With a big splash.  And went back up.  Over and over again.  He went in the tunnel slide.  He went in the water slide that was completely covered over and over again.  L O V I N G  every minute of it.  It is something I will never forget.  The look on his face.  The pure excitement.  The fun he was having.  He never once mentioned that it was a tall slide.  Or a slide that was completely enclosed.  He has barely been down a slide since last May and now he was acting as if he had never feared it.


No one said a word.  We just stared in awe.  No one mentioned that this was his first time coming down a water slide.  We all reveled in the joy.  In the fun.  In the excitement.  And maybe one might think he has just matured.  He is older now.  Kids outgrow these fears. But I tell you, it is so much more than that.  Look at the expression on his face back in May. (below) Pure panic.


And then look at him here.  Pure confidence.

 
Kal is so proud of the work he did with Meredith.  He started slowly,  at the bottom of the fear ladder.  We used a Fear Thermometer (0 being no fear and 10 being I can't do it) to rate our anxiety level when we started an exposure and then again when we were done. We went to stores and separated briefly.  Kal's fear would be rated a five on the Fear Thermometer which is right where you want it to start.  Then he would come find us-don't worry we had someone watching the door. And his Fear Thermometer rating would go right back to zero.  It was amazing to watch his confidence grow with each exposure.  We would do it again the next day.  Over and over until his thermometer rating started at zero.  Then we would move on to more challenging exposures like walking to the soccer field from the parking lot by himself, promising we would meet him in ten minutes.  We had a friend's mother drive him home from an activity while I followed in the car.  One ladder rung at a time we worked our way to the top. 

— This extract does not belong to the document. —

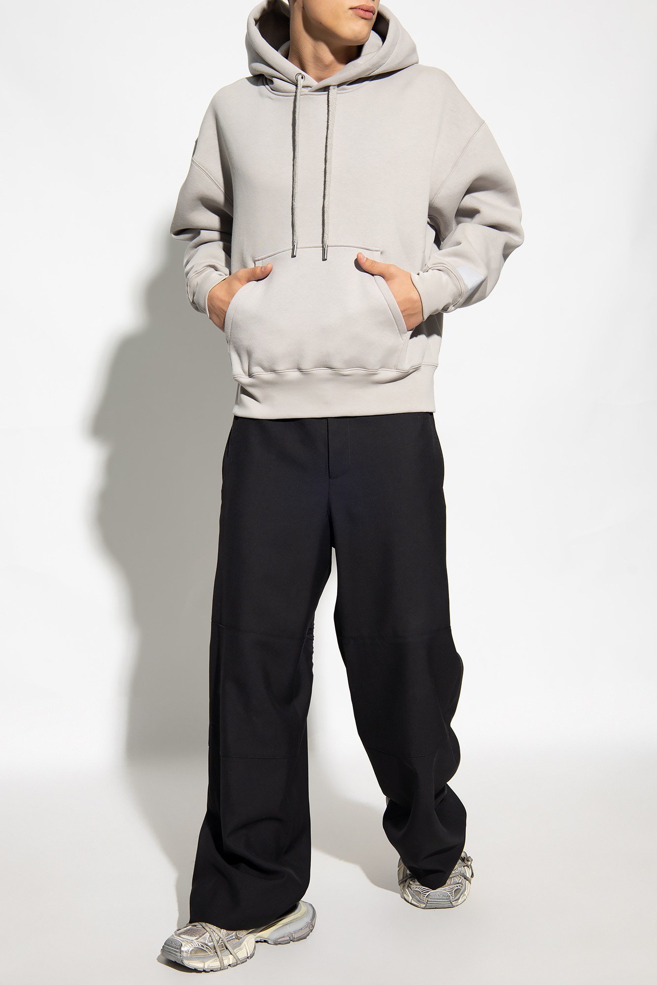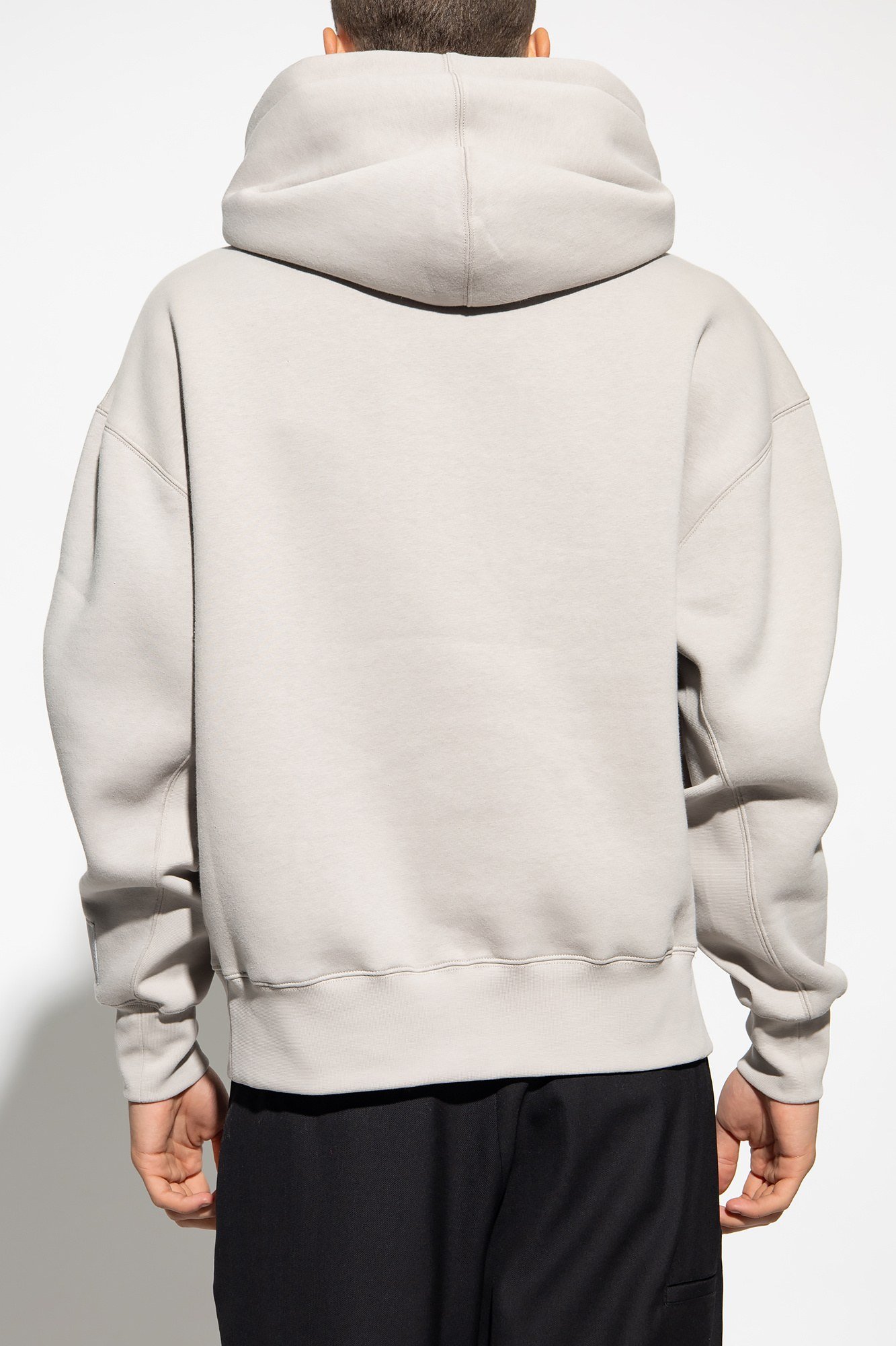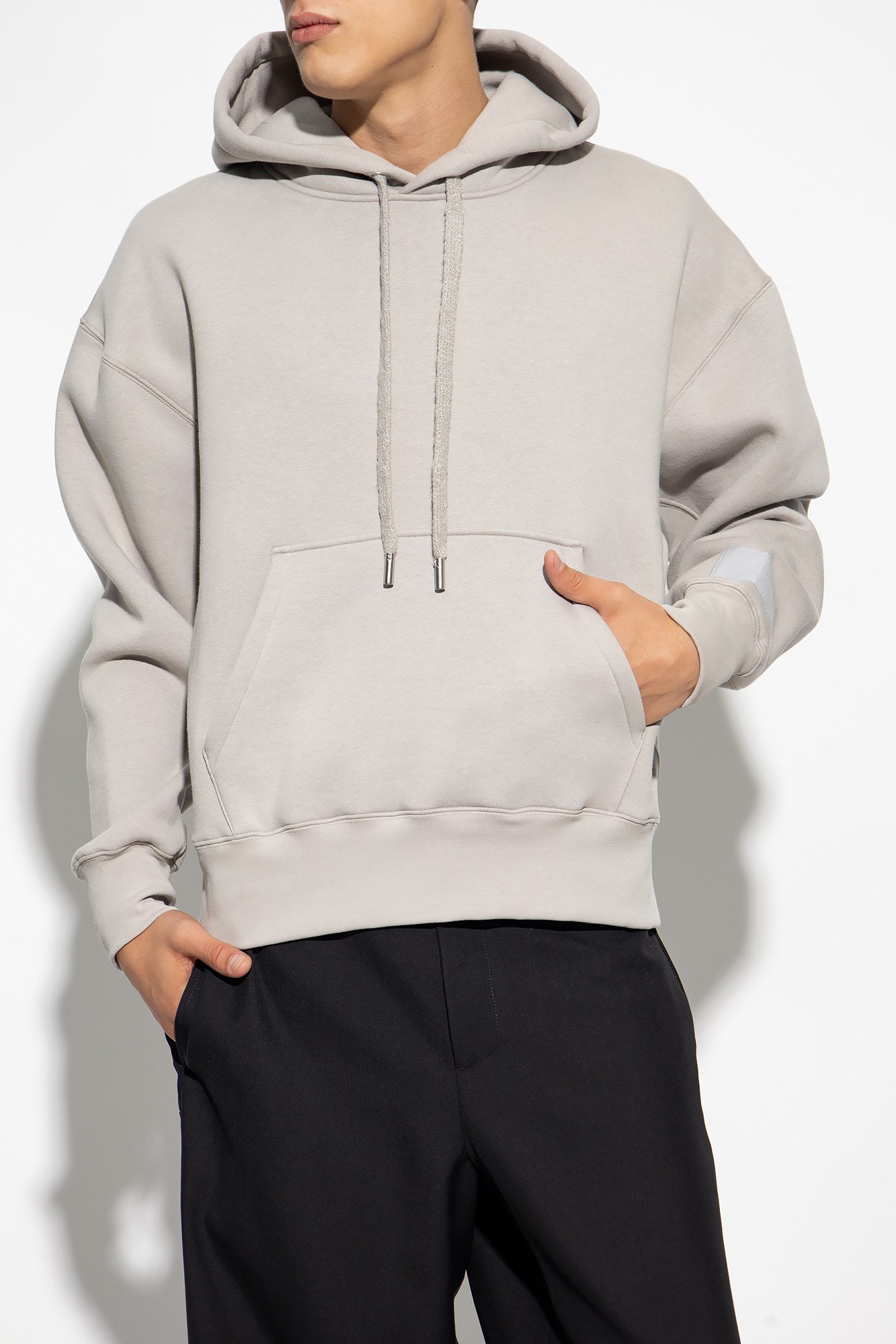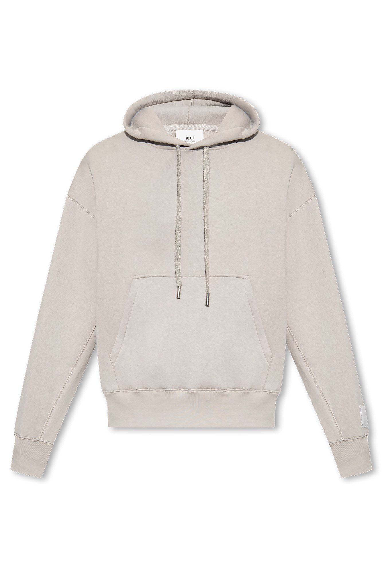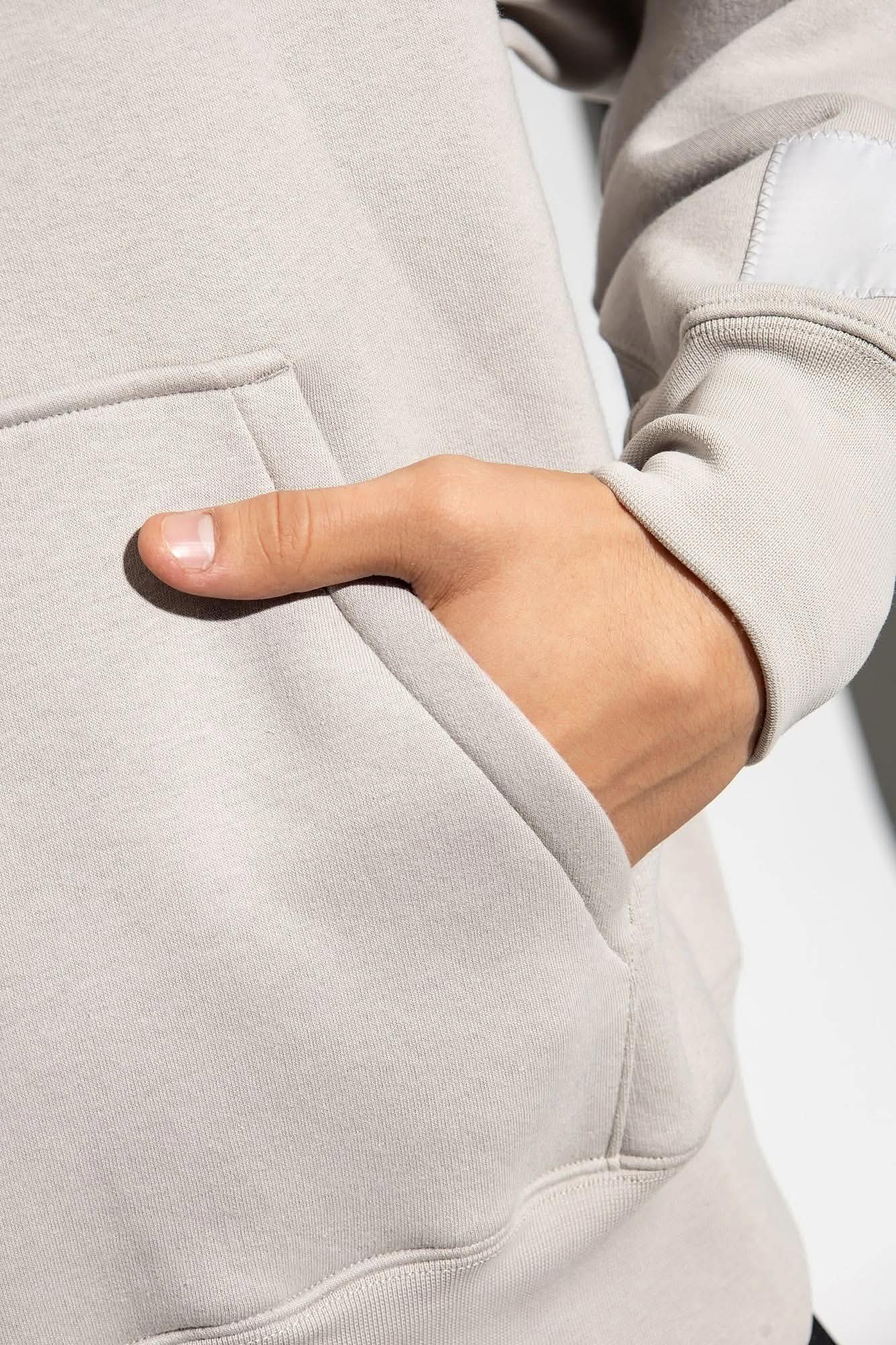 Описание: Серый свитшот от Ami Alexandre Mattiussi. Изготовлен из органического хлопка и переработанных материалов. Капюшон на завязках. Нашивки с логотипом на рукаве. Накладной карман спереди. Длинные рукава и низ отделаны манжетом.

We also practiced exposures during our CBT sessions with Meredith. Kalvin actually went in a elevator by himself and tried to find what floor Meredith was on.  Riding the elevator alone. Elevator tag she called it.  But you see, this is a boy who would grab on to you for dear life as you approached an elevator,  afraid the door would close and separate us.  For life.  And now he is playing "elevator tag" with Meredith?!?  It was a great combination of home and classroom exposures that helped Kal climb the ladder and make it all the way to the top.

At the end of our twenty weeks, we had a little celebration with Meredith.  Kalvin received a certificate from Meredith and a card from us with

 
B RU I N S    T I C K E T S  in it for New Years Eve.  He was giddy.  I thought he was going to burst into tears he was so excited for the tickets.



Sorry for the blurry picture.  He was so excited he was jumping up and down!

 
 Kalvin and Meredith.  What a team.

Saying goodbye to Meredith was really tough.  She really helped our family.  We knew this and we knew that her special bond with Kal really helped him, us, succeed.  We can call Meredith whenever we need advice.  We can go back to the Center for a "booster" anytime we feel anxiety creeping back in control.  That is comforting to us all. 

It is really hard to put into words the gratitude we feels towards Meredith and the CARD's CBT program.  I think Kalvin said it best as we were riding the elevator down from our mini celebration with Meredith.  He held the Bruins tickets up in his hand and said, "I really wanted to give these tickets to Meredith for what she did for me."